## DATASET EXTRACT
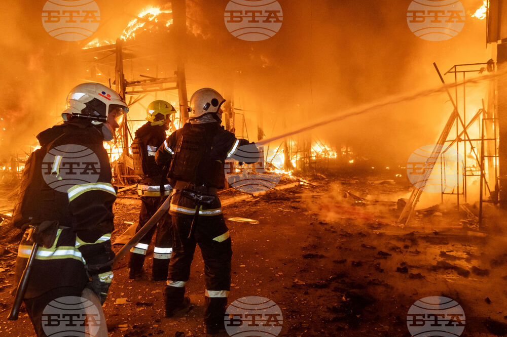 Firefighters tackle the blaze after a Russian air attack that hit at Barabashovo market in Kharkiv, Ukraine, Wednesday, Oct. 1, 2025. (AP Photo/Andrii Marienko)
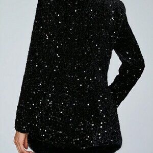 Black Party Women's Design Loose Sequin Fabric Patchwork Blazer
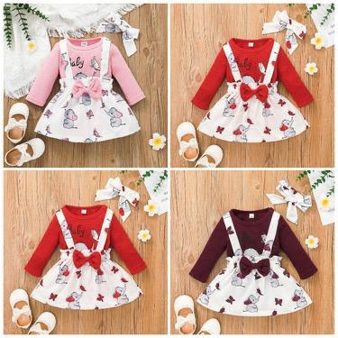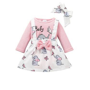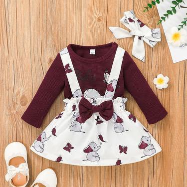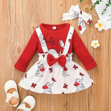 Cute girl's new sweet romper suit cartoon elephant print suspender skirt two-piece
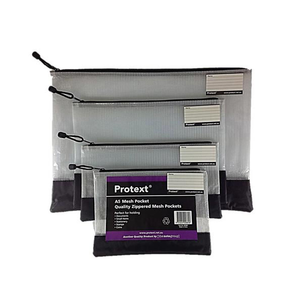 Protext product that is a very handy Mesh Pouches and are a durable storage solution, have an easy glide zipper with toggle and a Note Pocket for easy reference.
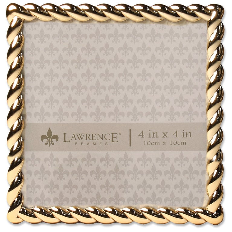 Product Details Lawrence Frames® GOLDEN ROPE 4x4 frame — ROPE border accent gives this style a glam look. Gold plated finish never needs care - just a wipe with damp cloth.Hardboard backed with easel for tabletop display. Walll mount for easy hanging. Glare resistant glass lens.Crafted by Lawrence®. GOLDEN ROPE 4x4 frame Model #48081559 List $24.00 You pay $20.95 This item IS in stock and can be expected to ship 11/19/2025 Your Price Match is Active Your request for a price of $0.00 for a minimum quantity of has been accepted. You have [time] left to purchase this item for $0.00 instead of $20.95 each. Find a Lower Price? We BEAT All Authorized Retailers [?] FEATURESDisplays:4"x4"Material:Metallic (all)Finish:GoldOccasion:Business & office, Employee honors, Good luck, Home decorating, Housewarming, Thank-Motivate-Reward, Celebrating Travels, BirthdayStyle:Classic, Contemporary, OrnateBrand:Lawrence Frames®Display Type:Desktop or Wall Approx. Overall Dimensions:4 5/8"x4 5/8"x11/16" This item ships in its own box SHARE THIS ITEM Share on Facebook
---
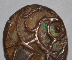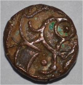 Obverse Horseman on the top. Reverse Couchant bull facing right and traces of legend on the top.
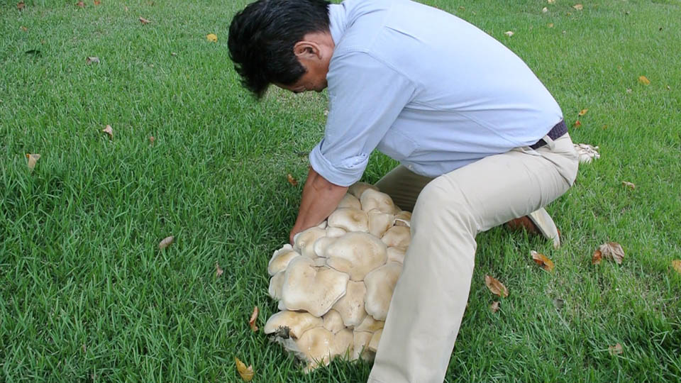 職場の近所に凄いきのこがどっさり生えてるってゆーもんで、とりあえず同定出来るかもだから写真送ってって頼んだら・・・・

## WHAT IS EXPECTED
Using the data above, return the lines from the one holding "Cute girl's new" through the one holding "Protext product that" exactly, but not the pictures.

## WRITTEN ANSWER
 Cute girl's new sweet romper suit cartoon elephant print suspender skirt two-piece
 Protext product that is a very handy Mesh Pouches and are a durable storage solution, have an easy glide zipper with toggle and a Note Pocket for easy reference.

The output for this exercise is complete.